(Stored entries)
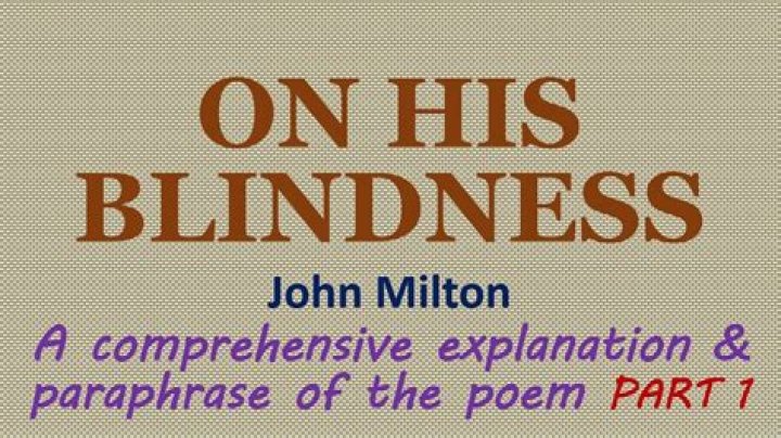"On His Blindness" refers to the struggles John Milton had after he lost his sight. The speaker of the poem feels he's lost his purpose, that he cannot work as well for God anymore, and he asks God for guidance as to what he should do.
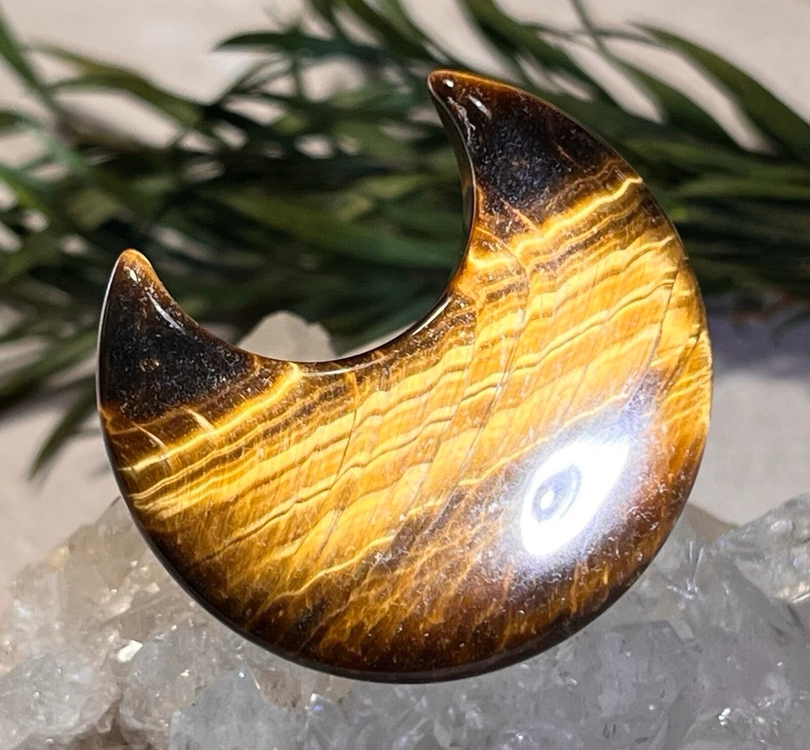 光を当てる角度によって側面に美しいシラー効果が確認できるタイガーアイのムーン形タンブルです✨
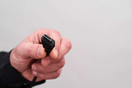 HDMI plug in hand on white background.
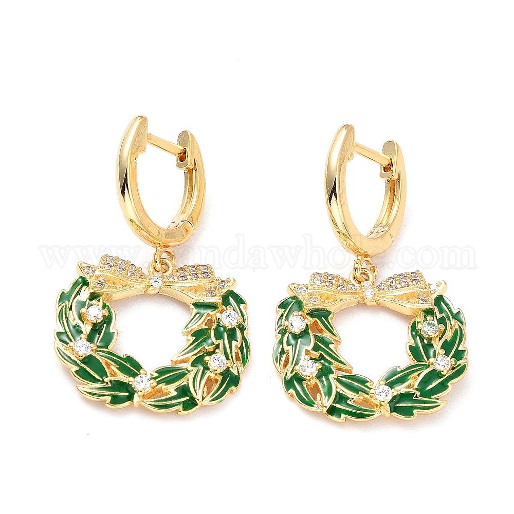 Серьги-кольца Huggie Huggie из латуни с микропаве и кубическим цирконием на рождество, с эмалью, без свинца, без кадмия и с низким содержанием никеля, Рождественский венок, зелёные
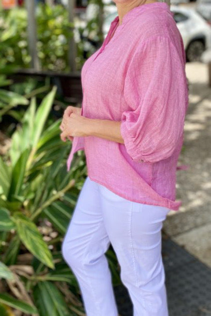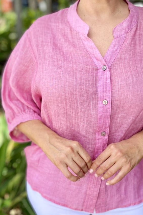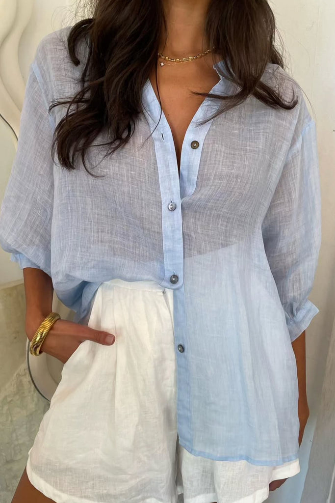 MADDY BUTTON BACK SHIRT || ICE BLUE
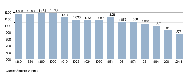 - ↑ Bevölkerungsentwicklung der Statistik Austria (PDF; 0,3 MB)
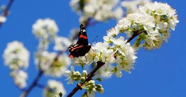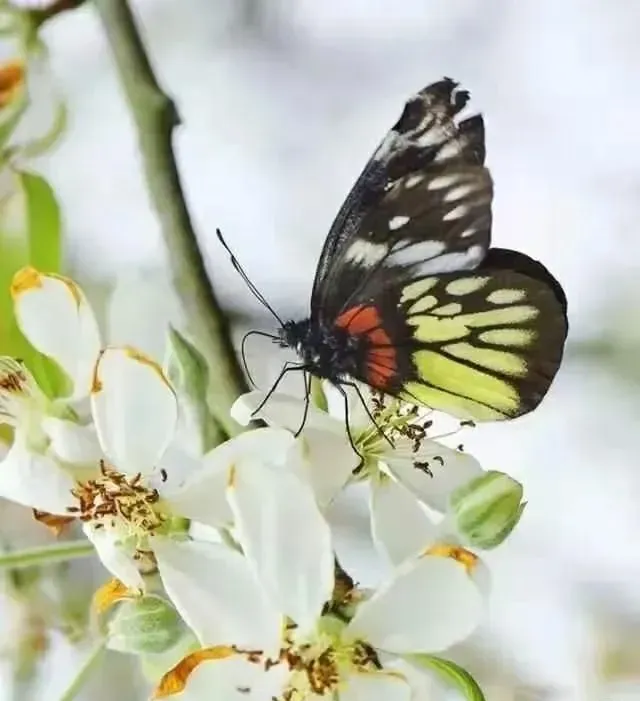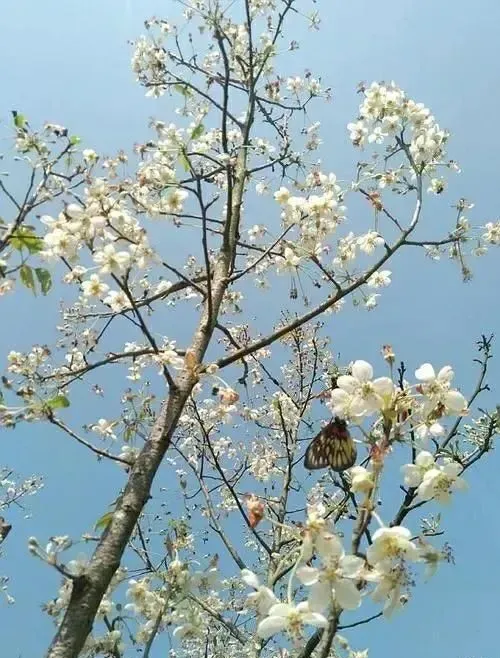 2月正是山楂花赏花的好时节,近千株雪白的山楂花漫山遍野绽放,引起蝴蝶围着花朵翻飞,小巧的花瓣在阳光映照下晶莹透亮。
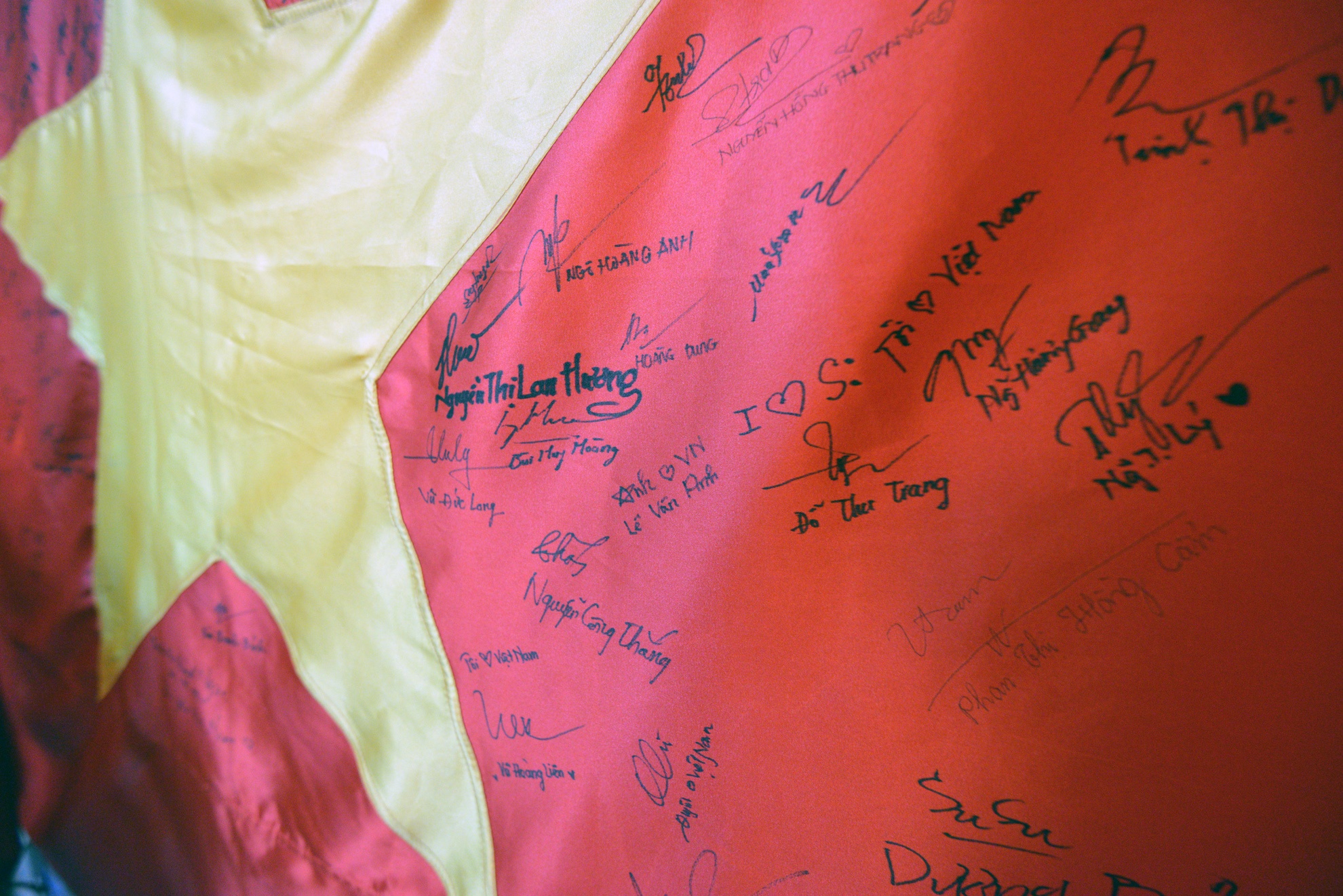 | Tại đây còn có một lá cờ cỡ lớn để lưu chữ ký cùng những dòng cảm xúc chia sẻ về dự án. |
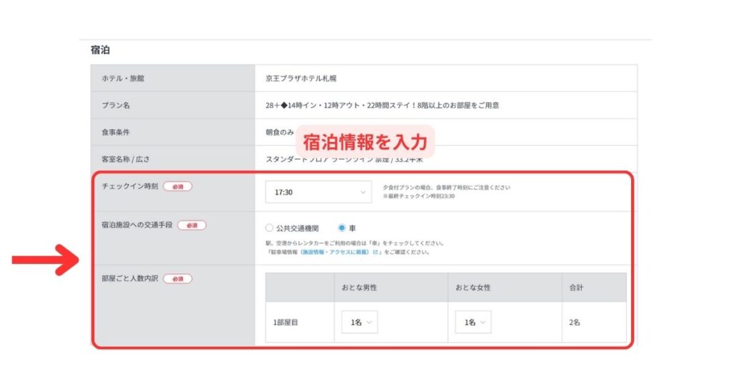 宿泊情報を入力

▶ **Problem description**
Starting at the line containing "Серьги-кольца Huggie Huggie" and finishing at the line containing "về dự án. |", return those lines exactly as they appear above, without the pictures.

▶ **Answer to this problem**
 Серьги-кольца Huggie Huggie из латуни с микропаве и кубическим цирконием на рождество, с эмалью, без свинца, без кадмия и с низким содержанием никеля, Рождественский венок, зелёные
 MADDY BUTTON BACK SHIRT || ICE BLUE
 - ↑ Bevölkerungsentwicklung der Statistik Austria (PDF; 0,3 MB)
 2月正是山楂花赏花的好时节,近千株雪白的山楂花漫山遍野绽放,引起蝴蝶围着花朵翻飞,小巧的花瓣在阳光映照下晶莹透亮。
 | Tại đây còn có một lá cờ cỡ lớn để lưu chữ ký cùng những dòng cảm xúc chia sẻ về dự án. |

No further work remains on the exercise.